If he is steady in that, he attains the destruction of the taints. But if he does not attain the destruction of the taints because of that chandaraga (desire and attachment) for the Dhamma [those states: jhanas] then with the destruction of the five lower fetters [self-identity views, grasping at sila & observances, doubts, sensual passion, and aversion] he becomes one due to reappear spontaneously [in the pure abodes], and there attain final Nibbana without ever returning from that world.

As underlined above, while remaining in the first jhana he “regards” the phenomena there as anicca/dukkha/anatta, and continue to contemplate dispassion/cessation/relinquishing, instead of only noting their arising and passing away with bare attention.

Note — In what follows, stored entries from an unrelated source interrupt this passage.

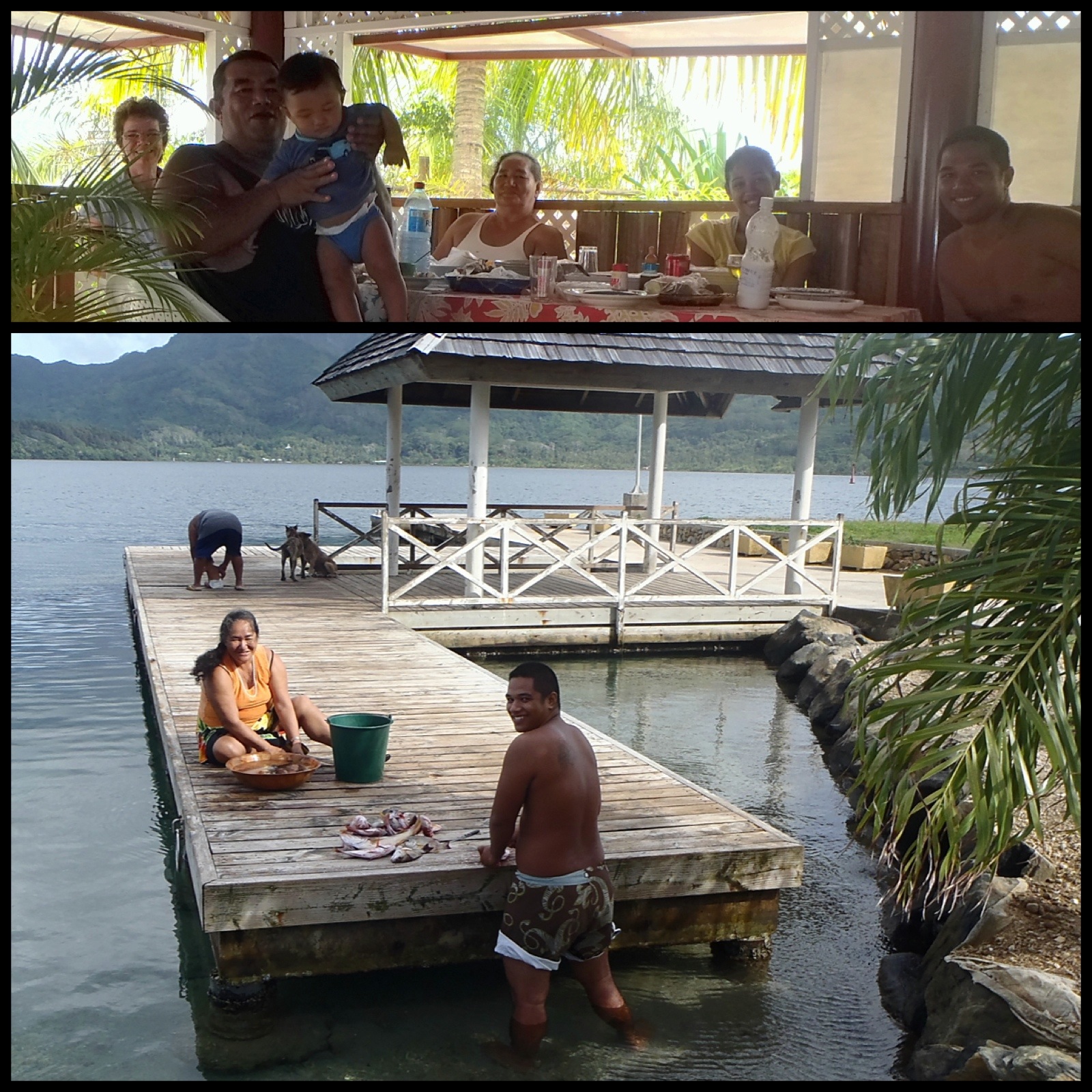 En ce dimanche, je suis conviée au dîner familial tahitien avec toute la famille. Et lorsque que je réponds: ah, oui avec grand plaisir, Tutea ajoute la condition que je dois manger également comme eux, soit entièrement avec les doigts!! Pas de problème! Au menu: poulet aux épinards avec lait de coco, cochon aux choux, poisson cru au lait de coco, poe (dessert à la papaye), soit un repas complet tahitien divinement bon, bière tahitienne et vin blanc. J’ai préféré la bière qui est TRÈS bonne. Et ça aide pour vous entrer dans la bouche les cinq doigts qui tiennent la nourriture! :-). Blague à part, il est vrai que la nourriture goûte meilleure. À la fin du repas, ma serviette de table en tissu est dans un sale état, alors que celles de mes hôtes sont impeccables… J’ai donc repris mes ustensiles au souper. Cela a semblé peiner Lolita un peu, mais je vais repratiquer avant mon départ.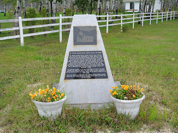 A monument marks the former location, at SW31-24-12W in the Rural Municipality of Alonsa, of the St. Thomas Aquinas Roman Catholic Church. The simple wood frame structure was built in 1937, with guidance from local leader Joseph Spence and priest Pierre Constandt, using volunteer labour and funds provided by an anonymous donor in Prince Edward Island. The first burial in its cemetery occurred that same year.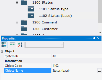 5.3.1.3. In the Properties window, enter 1102 in the Object Code field, enter the Status (base) in the Object Name field.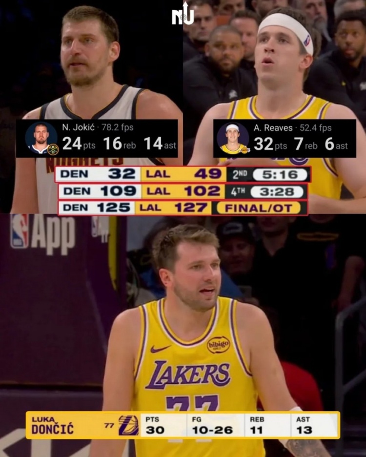 湖人一度领先到17分,但约基奇看破湖人策略,找布鲁斯·布朗,找底角的琼斯,连续追近。湖人则是卢卡与里夫斯轮流找穆雷。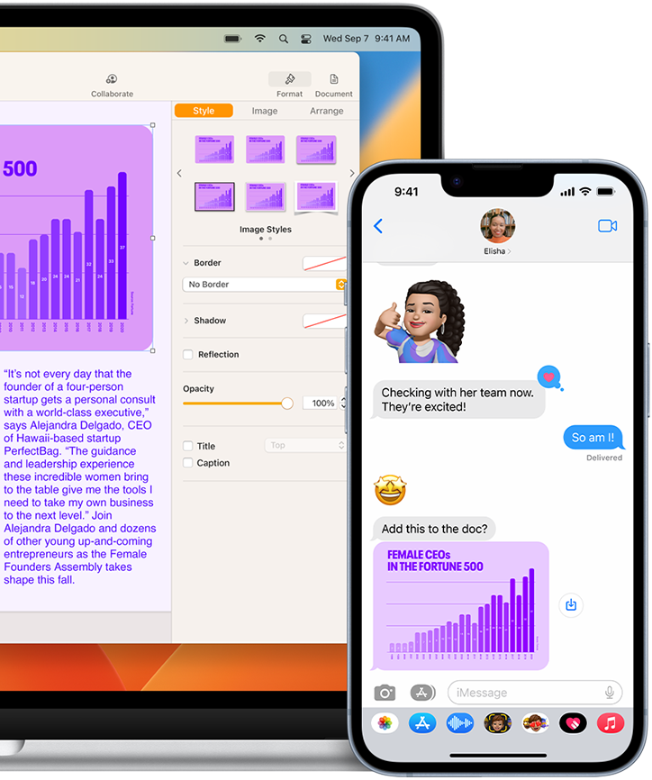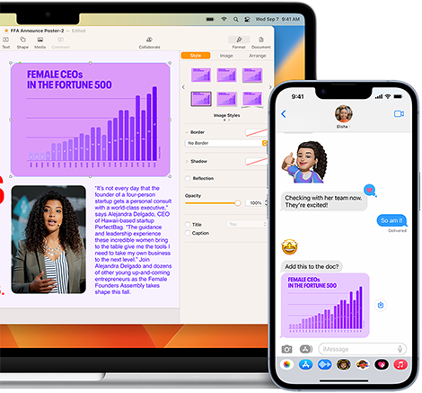 Copy and paste, sync edits and continue conversations between Mac and iPhone.◊

One could argue that the Buddha taught the contemplation of anicca as bare attention of the phenomena of arising and passing away with regard to the body, feelings, mind and the Dhamma in the Satipatthana Sutta (MN 10 and DN 22), but such anicca contemplations are not found in the early Chinese agama versions of the equivalent suttas.

Did the Buddha teach the contemplation of anicca (for insight) as only bare attention of the arising and passing away of phenomena in some other suttas?

Your input will be most appreciated. Thanks and metta,

Starter

PS: I checked the definition of "contemplation", and found the most common meaning is "thoughtful, long, calm observation / consideration / examination / reflection of an object or objects.
Last edited by starter on Sat Apr 30, 2011 5:02 pm, edited 2 times in total.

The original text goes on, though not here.